Variables are used throughout math after Algebra, and are important to understand. A defining variable is a symbol, such as x, used to describe any number. When a variable is used in an function, we know that it is not just one constant number, but that it can represent many numbers. Variables are instrumental in understanding problems relating to graphing.
One thing you're going to learn really quickly about algebra is that it's not just involving numbers, but it uses a lot of letters too. And what the letters are, are officially called variables.
A variable is a letter or a symbol used to represent any number. And it's kind of tricky because the letter is going to represent the same number within that specific problem but the same letter could represent different numbers between different problems. Let me show you what I mean.
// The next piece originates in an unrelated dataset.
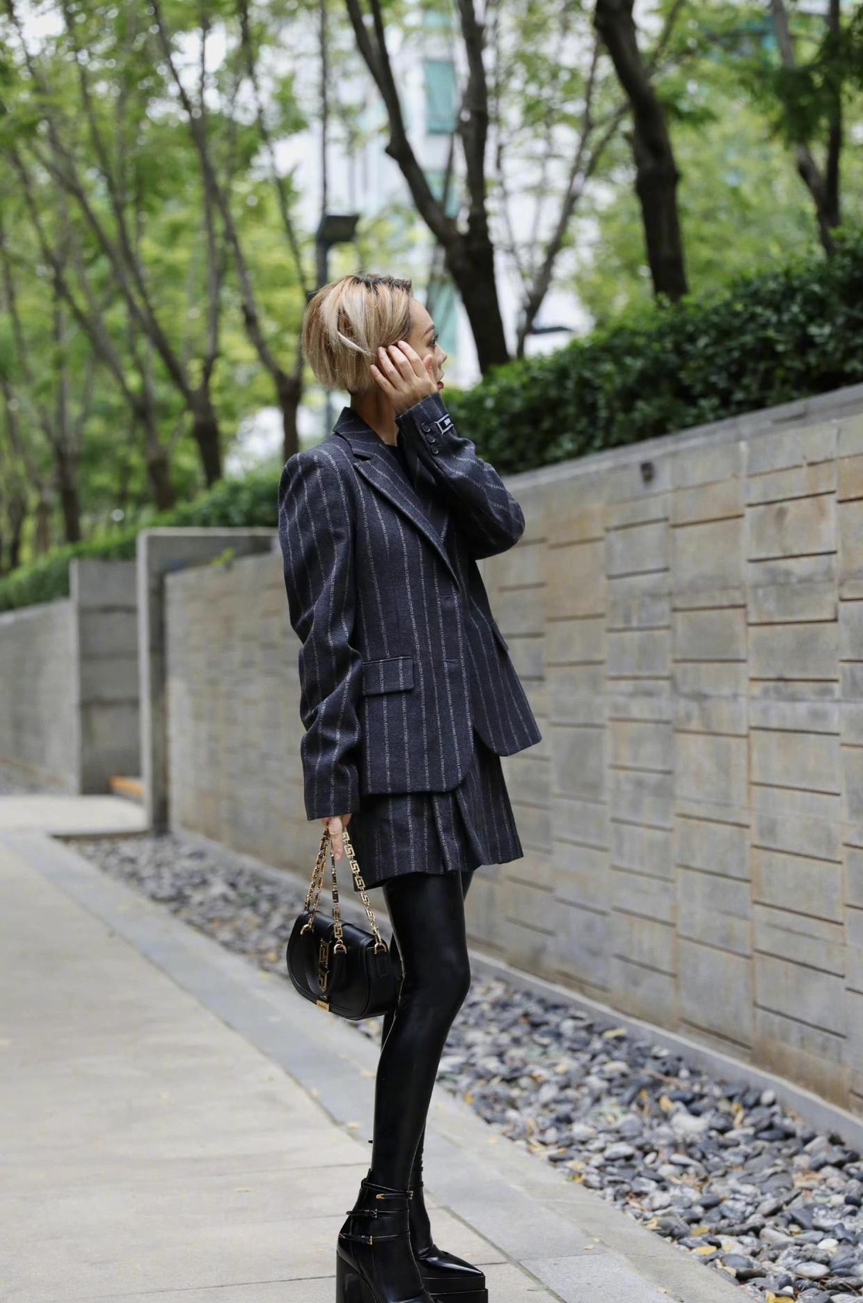 Singles such as suits can be used to match most of the time, and basically not Stepping on thunder is easy to control. Ning Jing chose a striped suit for himself and put it on with a fashionable striped suit.Short skirt, and then combined with leather pants, such a sexy outfit reflects her personal charm. It looks very fashionable to me, and then paired with thick-soled high heels, it is also very fashionable and elegant.

Let's say I had this problem that said x+5=8. That was like problem one on my homework. And then problem two on my homework said x take away 4 is equal to 10. So you can probably do these in your head, think about what number x might stand for. What number plus gives you the answer 8? Most of you guys in your head can tell x=3. That's problem one.
Look at problem 2. It uses the same letter but it's going to be a different number. What number take away 4 gives us the answer 10? 14. So the trick with variables is that it's the same letter and it represents any number like it could be, sometimes x would be like a fraction, sometimes x will be a decimal but the trick is that it might be different numbers from one problem to the next.
When you come across variables, it's something that's kind of new because you're going to be dealing with letters and numbers. But use your logic and slow down. Think about what the variable stands for and if it helps you, turn it into words in your head like I did. Like what number plus 5 gives you 8. That's a really great strategy to help when you're working with variables.